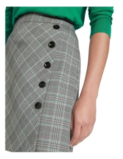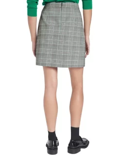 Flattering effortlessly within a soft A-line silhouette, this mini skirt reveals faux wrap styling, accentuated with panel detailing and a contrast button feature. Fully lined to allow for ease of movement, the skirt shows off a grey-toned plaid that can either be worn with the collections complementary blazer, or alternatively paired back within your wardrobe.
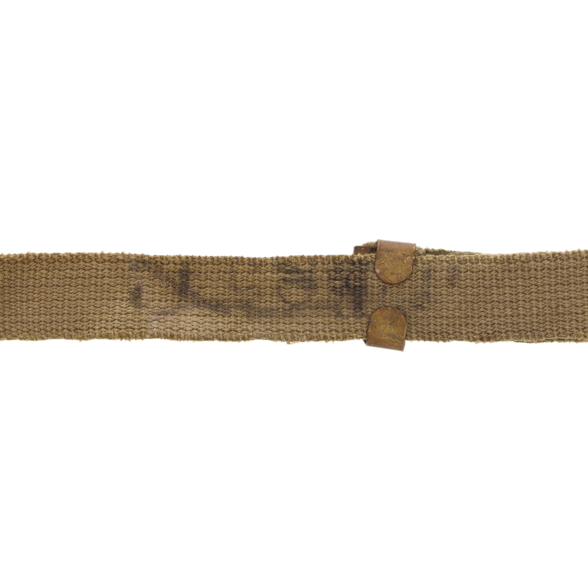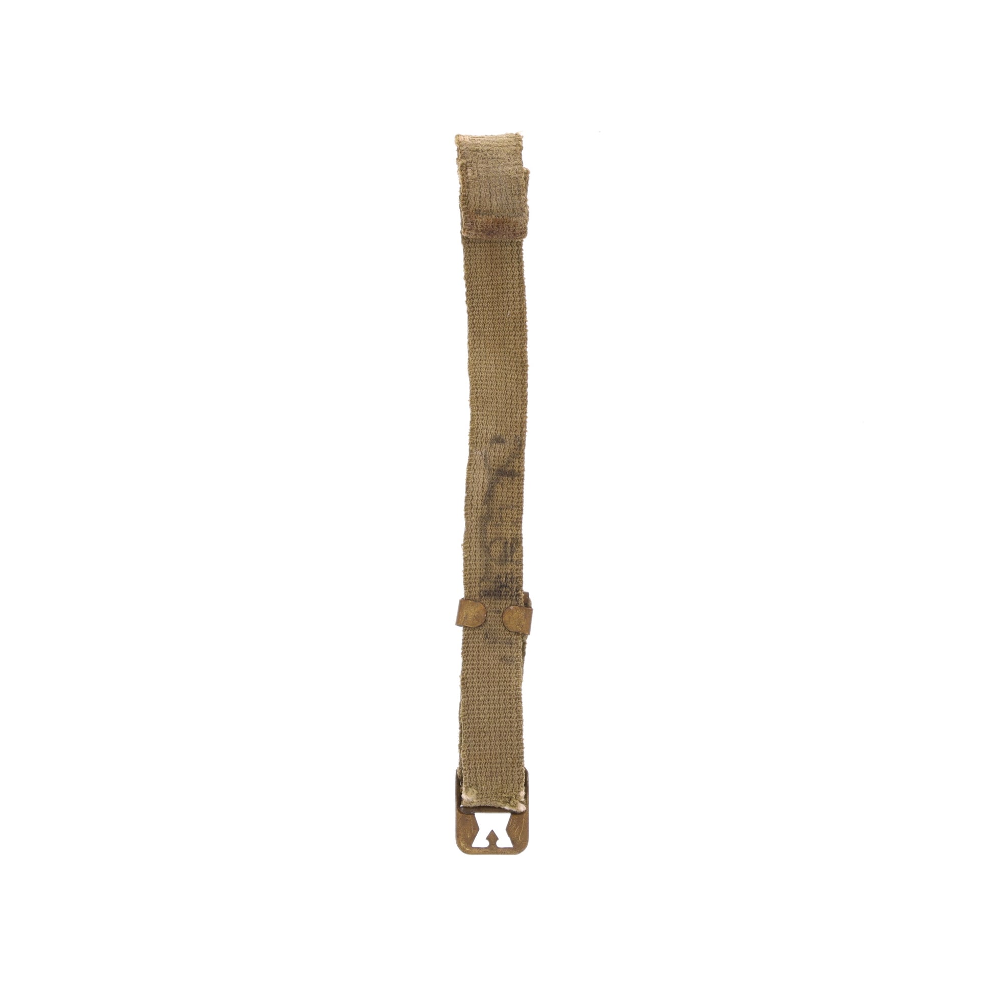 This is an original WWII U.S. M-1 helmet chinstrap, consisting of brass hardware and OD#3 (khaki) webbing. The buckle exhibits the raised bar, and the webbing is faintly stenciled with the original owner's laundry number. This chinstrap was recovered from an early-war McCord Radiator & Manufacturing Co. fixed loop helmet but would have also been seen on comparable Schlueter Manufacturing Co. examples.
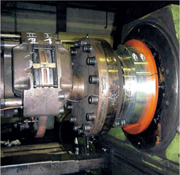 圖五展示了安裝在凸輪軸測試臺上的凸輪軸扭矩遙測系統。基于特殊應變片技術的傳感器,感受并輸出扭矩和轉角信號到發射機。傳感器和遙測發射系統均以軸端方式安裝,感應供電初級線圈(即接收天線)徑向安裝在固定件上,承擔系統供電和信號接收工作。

WHAT YOU HAVE TO DO: Output the data above exactly, excluding images.

RESPONSE:
 Flattering effortlessly within a soft A-line silhouette, this mini skirt reveals faux wrap styling, accentuated with panel detailing and a contrast button feature. Fully lined to allow for ease of movement, the skirt shows off a grey-toned plaid that can either be worn with the collections complementary blazer, or alternatively paired back within your wardrobe.
 This is an original WWII U.S. M-1 helmet chinstrap, consisting of brass hardware and OD#3 (khaki) webbing. The buckle exhibits the raised bar, and the webbing is faintly stenciled with the original owner's laundry number. This chinstrap was recovered from an early-war McCord Radiator & Manufacturing Co. fixed loop helmet but would have also been seen on comparable Schlueter Manufacturing Co. examples.
 圖五展示了安裝在凸輪軸測試臺上的凸輪軸扭矩遙測系統。基于特殊應變片技術的傳感器,感受并輸出扭矩和轉角信號到發射機。傳感器和遙測發射系統均以軸端方式安裝,感應供電初級線圈(即接收天線)徑向安裝在固定件上,承擔系統供電和信號接收工作。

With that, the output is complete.